[EXERCISE]
Set down, character for character, everything in the records below from the line holding "アイオライト6ミリコイン型切子尺一寸布教用念珠ブルークオーツ仕立" down to the line holding "Food crawlers in", and no other line.

[EXTRACTED ENTRIES]
-- Opening Marker --

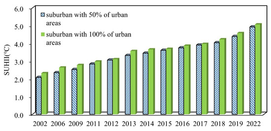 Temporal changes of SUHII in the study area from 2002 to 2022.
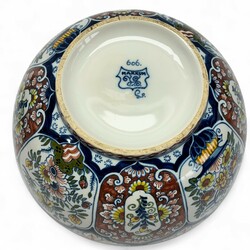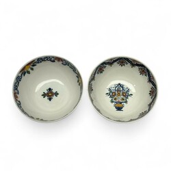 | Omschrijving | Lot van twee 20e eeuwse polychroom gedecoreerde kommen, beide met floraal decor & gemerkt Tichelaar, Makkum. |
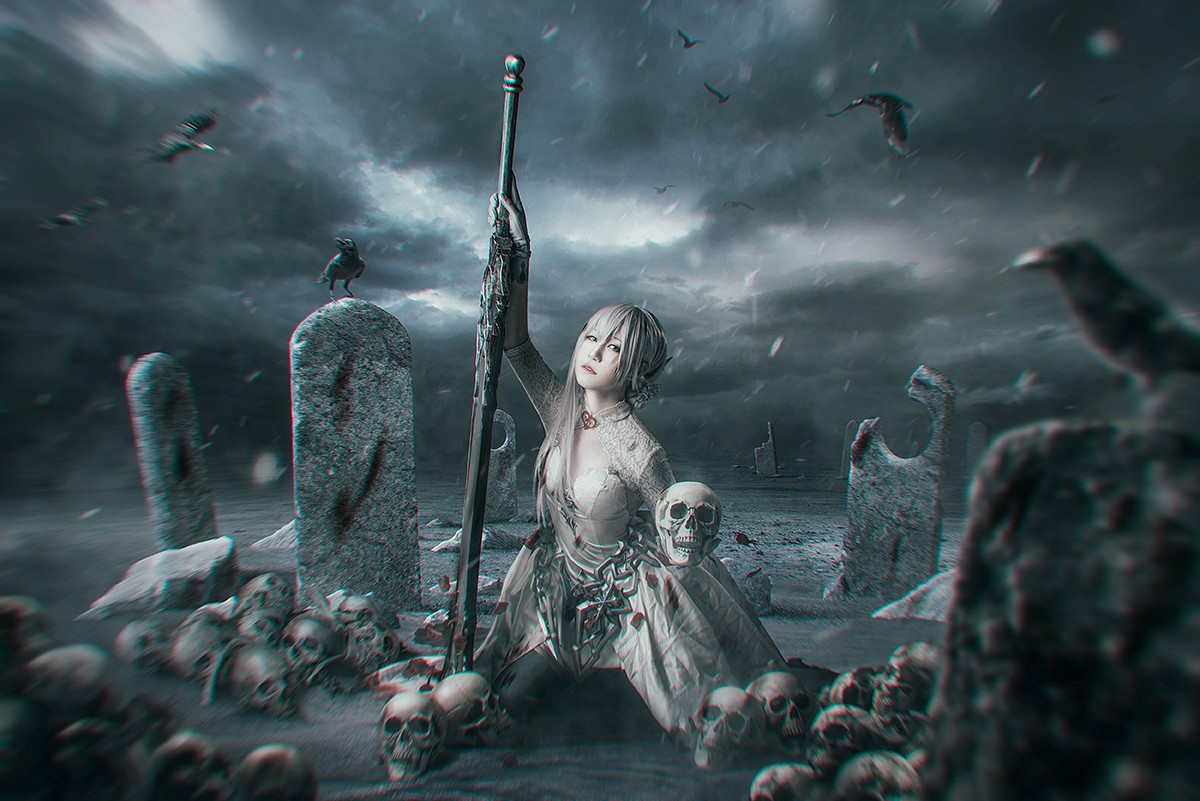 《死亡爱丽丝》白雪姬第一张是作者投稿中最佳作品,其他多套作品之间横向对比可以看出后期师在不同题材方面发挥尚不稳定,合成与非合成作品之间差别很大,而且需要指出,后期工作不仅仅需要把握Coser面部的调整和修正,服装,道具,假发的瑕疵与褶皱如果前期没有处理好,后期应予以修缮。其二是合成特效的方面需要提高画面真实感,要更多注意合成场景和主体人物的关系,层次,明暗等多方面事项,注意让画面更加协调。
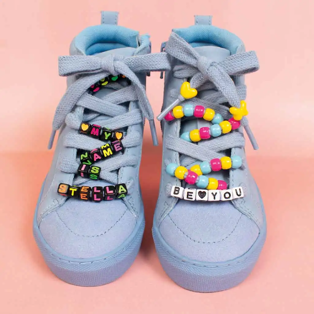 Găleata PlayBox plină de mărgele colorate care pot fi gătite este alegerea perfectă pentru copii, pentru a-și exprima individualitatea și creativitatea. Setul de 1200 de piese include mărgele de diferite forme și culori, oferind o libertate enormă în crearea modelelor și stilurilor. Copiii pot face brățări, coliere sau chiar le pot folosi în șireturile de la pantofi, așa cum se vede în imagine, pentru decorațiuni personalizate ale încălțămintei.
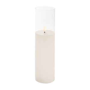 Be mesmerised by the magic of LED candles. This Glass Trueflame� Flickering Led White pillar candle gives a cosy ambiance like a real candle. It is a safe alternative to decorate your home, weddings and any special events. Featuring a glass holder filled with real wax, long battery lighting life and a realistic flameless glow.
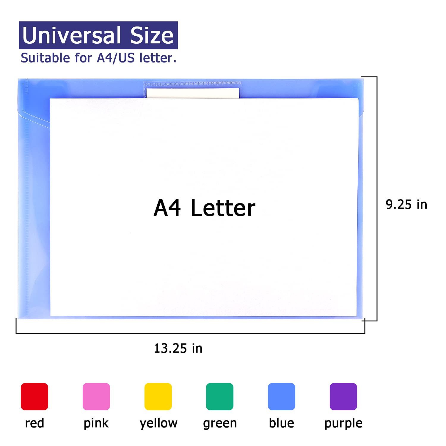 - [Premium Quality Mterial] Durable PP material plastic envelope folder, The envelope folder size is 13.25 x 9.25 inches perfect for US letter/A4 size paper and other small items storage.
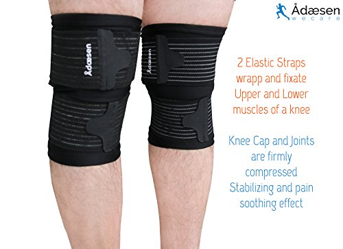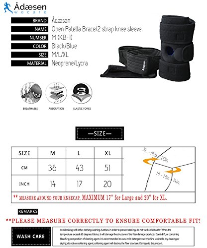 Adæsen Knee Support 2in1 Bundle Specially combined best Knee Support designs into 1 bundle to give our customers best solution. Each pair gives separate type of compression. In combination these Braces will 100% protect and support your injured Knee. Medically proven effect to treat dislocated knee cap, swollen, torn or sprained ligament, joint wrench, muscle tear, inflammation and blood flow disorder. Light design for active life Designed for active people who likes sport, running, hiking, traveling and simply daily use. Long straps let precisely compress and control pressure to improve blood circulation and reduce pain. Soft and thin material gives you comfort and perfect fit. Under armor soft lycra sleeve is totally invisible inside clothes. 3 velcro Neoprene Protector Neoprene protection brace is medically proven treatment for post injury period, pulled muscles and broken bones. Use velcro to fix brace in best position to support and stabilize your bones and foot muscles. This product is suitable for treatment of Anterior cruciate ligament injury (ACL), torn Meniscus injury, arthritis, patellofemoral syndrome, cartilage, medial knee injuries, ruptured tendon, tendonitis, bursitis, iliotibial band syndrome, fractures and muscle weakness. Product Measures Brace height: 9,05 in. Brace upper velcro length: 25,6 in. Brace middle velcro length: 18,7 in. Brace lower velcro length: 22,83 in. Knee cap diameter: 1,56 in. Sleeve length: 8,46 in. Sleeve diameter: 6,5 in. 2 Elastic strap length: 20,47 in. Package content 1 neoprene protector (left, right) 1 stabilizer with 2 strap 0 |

-- Closing Marker --
-- Opening Marker --

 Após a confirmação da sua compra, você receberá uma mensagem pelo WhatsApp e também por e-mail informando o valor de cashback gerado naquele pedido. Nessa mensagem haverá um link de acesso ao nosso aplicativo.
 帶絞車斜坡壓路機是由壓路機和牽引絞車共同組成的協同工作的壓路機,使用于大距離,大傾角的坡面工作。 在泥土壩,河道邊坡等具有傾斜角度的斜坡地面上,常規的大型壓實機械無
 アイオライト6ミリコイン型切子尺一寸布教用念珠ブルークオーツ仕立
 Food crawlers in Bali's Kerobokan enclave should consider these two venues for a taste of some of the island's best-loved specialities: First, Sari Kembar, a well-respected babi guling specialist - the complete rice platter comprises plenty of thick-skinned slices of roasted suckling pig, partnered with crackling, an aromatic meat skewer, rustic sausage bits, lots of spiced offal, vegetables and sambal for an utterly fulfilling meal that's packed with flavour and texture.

-- Closing Marker --

[YOUR SOLUTION]
 アイオライト6ミリコイン型切子尺一寸布教用念珠ブルークオーツ仕立
 Food crawlers in Bali's Kerobokan enclave should consider these two venues for a taste of some of the island's best-loved specialities: First, Sari Kembar, a well-respected babi guling specialist - the complete rice platter comprises plenty of thick-skinned slices of roasted suckling pig, partnered with crackling, an aromatic meat skewer, rustic sausage bits, lots of spiced offal, vegetables and sambal for an utterly fulfilling meal that's packed with flavour and texture.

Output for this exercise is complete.